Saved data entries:
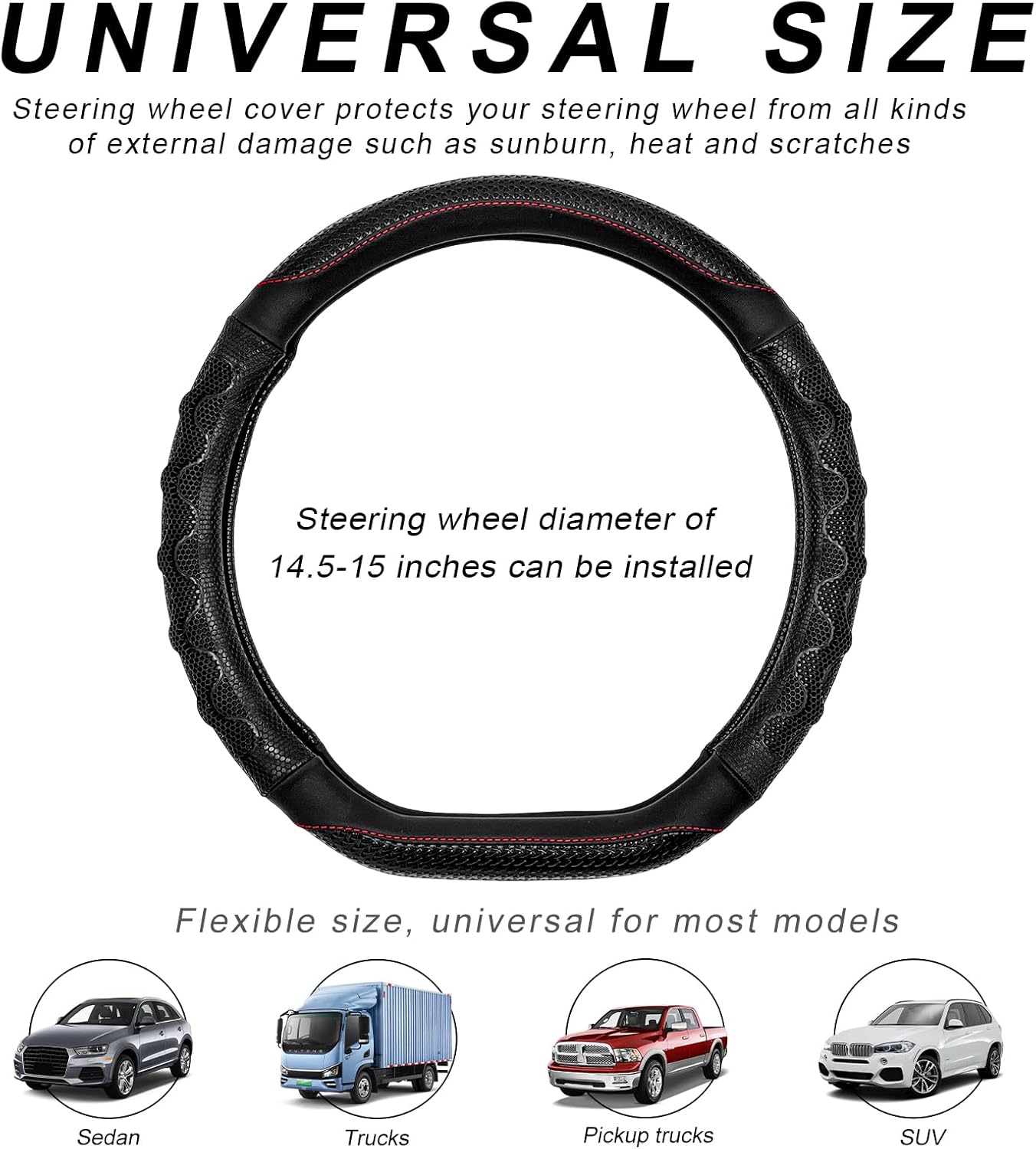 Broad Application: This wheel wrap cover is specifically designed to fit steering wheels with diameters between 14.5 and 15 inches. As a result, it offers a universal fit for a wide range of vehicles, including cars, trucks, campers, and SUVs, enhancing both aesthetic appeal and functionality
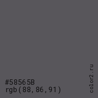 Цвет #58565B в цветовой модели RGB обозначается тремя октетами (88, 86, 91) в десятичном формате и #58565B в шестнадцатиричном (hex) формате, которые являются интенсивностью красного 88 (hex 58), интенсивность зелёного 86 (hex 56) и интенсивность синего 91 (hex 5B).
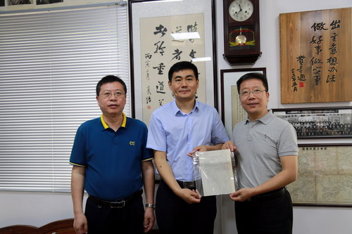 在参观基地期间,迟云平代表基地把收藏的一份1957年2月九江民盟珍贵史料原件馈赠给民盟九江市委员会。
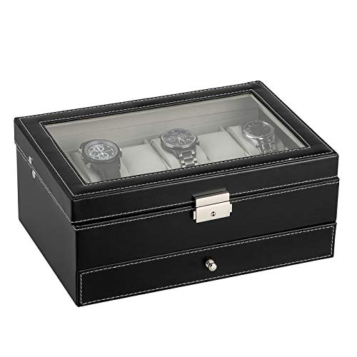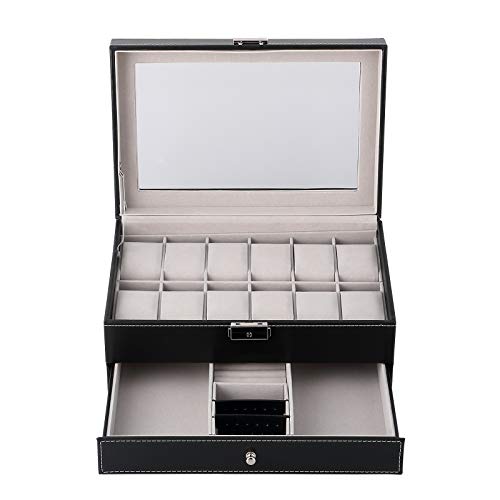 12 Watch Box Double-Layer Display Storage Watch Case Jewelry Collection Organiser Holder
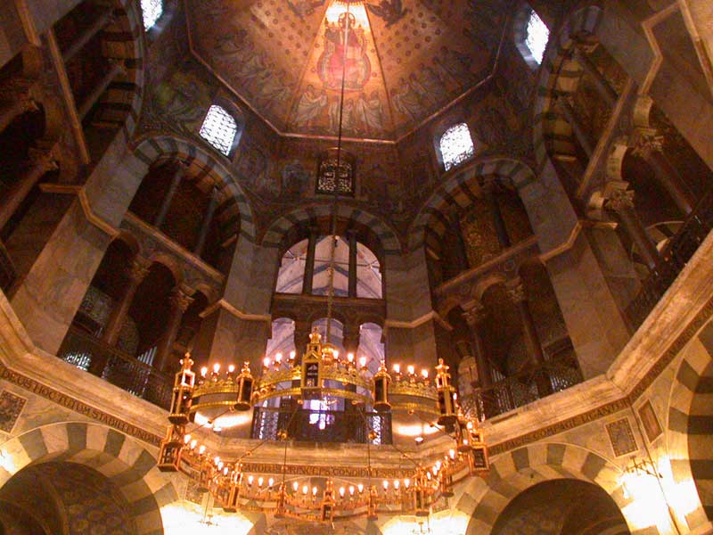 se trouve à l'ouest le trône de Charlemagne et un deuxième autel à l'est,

### What is needed
Output the records above in their entirety and exactly, leaving out all images.

### Result of this task
 Broad Application: This wheel wrap cover is specifically designed to fit steering wheels with diameters between 14.5 and 15 inches. As a result, it offers a universal fit for a wide range of vehicles, including cars, trucks, campers, and SUVs, enhancing both aesthetic appeal and functionality
 Цвет #58565B в цветовой модели RGB обозначается тремя октетами (88, 86, 91) в десятичном формате и #58565B в шестнадцатиричном (hex) формате, которые являются интенсивностью красного 88 (hex 58), интенсивность зелёного 86 (hex 56) и интенсивность синего 91 (hex 5B).
 在参观基地期间,迟云平代表基地把收藏的一份1957年2月九江民盟珍贵史料原件馈赠给民盟九江市委员会。
 12 Watch Box Double-Layer Display Storage Watch Case Jewelry Collection Organiser Holder
 se trouve à l'ouest le trône de Charlemagne et un deuxième autel à l'est,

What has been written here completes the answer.